# What needs to be done
Give the lines again exactly as they appear below, from the line with "2020年12月,361°与" to the line with "麻將2016年中 5000元FVT(恭喜 雲林縣 西螺鎮金達利彩券行獲得)", both included, and only those lines. Leave every picture out.

# Entries shown
::::::
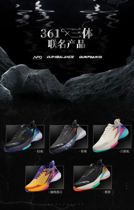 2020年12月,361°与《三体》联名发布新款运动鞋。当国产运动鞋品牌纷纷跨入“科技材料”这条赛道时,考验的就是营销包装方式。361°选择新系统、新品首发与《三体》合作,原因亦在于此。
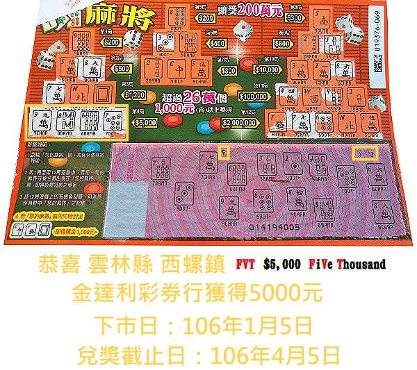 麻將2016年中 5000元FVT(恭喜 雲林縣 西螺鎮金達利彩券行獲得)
::::::
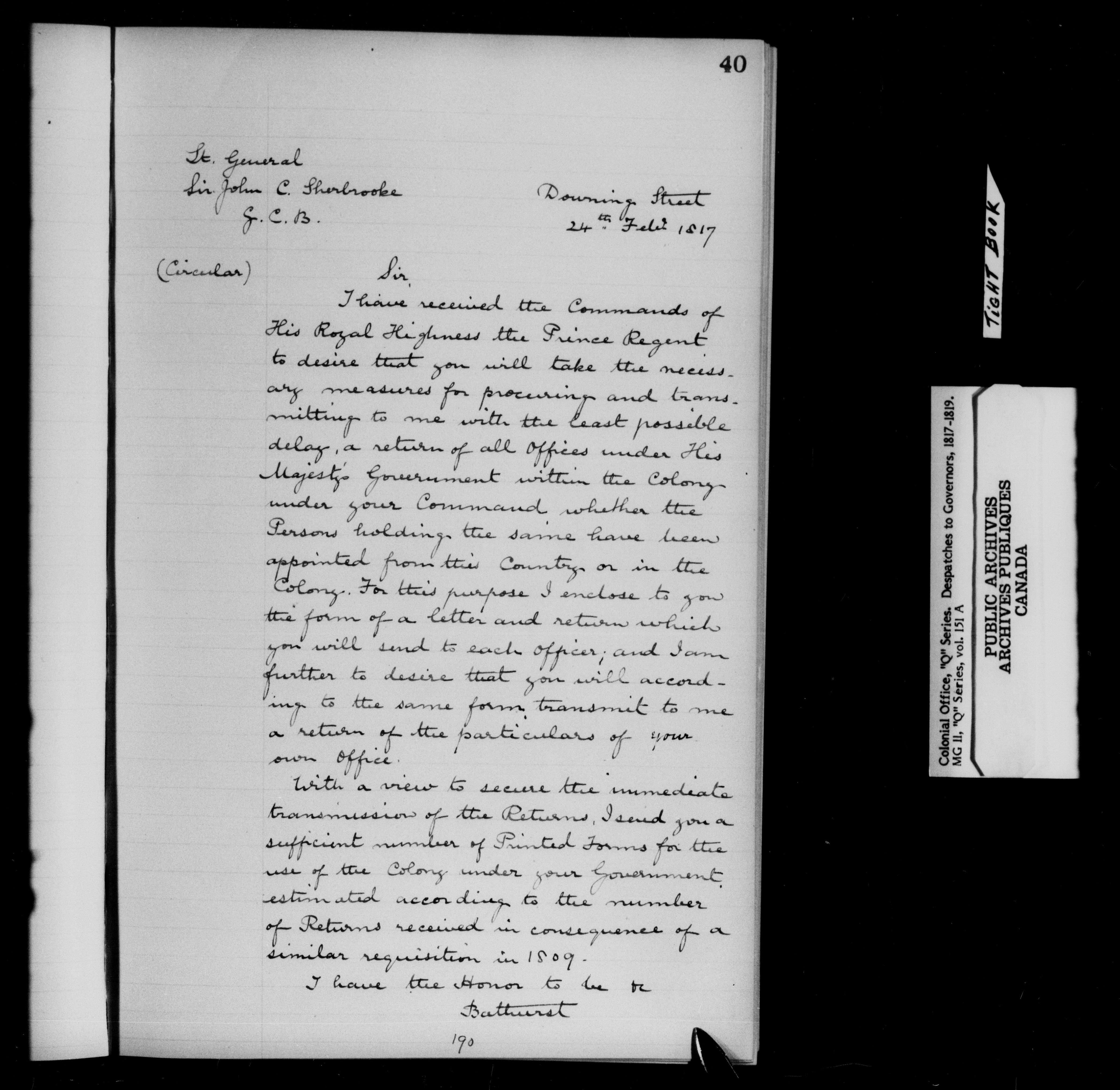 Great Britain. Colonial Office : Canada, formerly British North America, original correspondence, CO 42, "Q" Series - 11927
::::::
# Written answer
 2020年12月,361°与《三体》联名发布新款运动鞋。当国产运动鞋品牌纷纷跨入“科技材料”这条赛道时,考验的就是营销包装方式。361°选择新系统、新品首发与《三体》合作,原因亦在于此。
 麻將2016年中 5000元FVT(恭喜 雲林縣 西螺鎮金達利彩券行獲得)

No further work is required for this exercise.